I was listening, nodding my head.
“Who’d you say you were?” he asked, and I told him my name again. “If and when you find Connie, you tell her to get in touch. Would you do that?”
“Sure,” I said.
“What are you? Some kind of private investigator?”
“A reporter,” I said. “I’m a reporter.”
Dad came down to the kitchen.
“It must be dinnertime,” he said, looking at the clock. It was 6:40 p.m. “When did your mother say we were supposed to go over?”
I said, “Huh?”
“What’s wrong with you? You look like you’ve seen a ghost or something.”
“Something like that,” I said.
The phone rang. I glanced down at the display. Mom. Or possibly Ethan, who had learned some time ago how to use the speed dial on his grandparents’ phone.
I picked up. “Yeah.”
“I can’t find him,” Mom said, her voice shaking. “I can’t find Ethan.”
FORTY-SEVEN
For the better part of half an hour, Jan drove randomly. Go a few miles, turn left. Go a few more, turn right. Get on the interstate, go two exits, get off. She hoped the more randomly she drove, the harder she’d be to follow.
And she hadn’t noticed any black Audis in the pickup truck’s rearview mirror. When she got on the interstate, and was able to see a good mile or so behind her, and when there was no sign of the Audi, she started to feel more confident that Oscar Fine was not on her tail.
But that was not a great comfort.
If he could find her once, it seemed likely he could find her again.

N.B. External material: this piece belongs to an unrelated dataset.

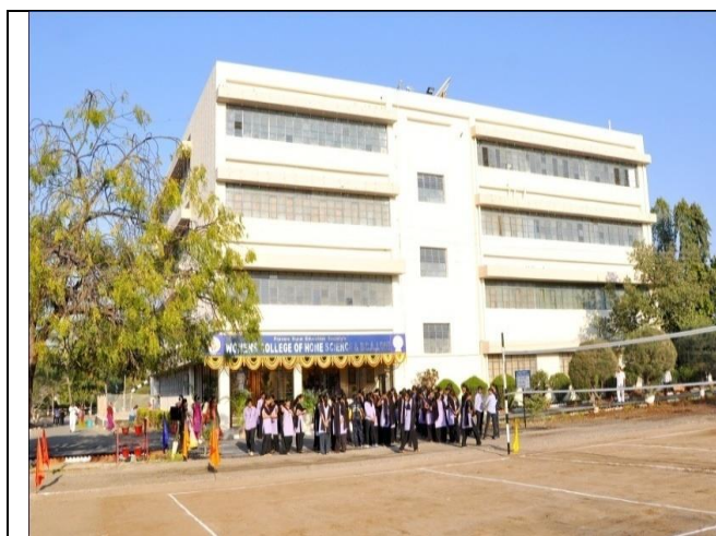
Institute Main Building

4.1.1 The institution has adequate facilities for teaching-learning. viz., classrooms, Laboratories, computing equipment, etc.

She must have looked like a madwoman to other motorists who happened to glance her way. Wide-eyed, her hair a mass of tangles from the wind blowing through the open side windows and the new crack in the windshield. She was holding on to the steering wheel as hard as she could not just to maintain control, but to keep from shaking.
She was a disaster.
Dwayne had to be dead. No way Oscar Fine was letting him walk out of that basement alive.
The question was, how much had Dwayne said before he died?
Did Oscar know who she was?
Did Oscar know who she’d been?
Had he already known before Dwayne walked in to trade his fake diamonds for six million?
Think, she told herself, heading west on the Mass Pike. Think.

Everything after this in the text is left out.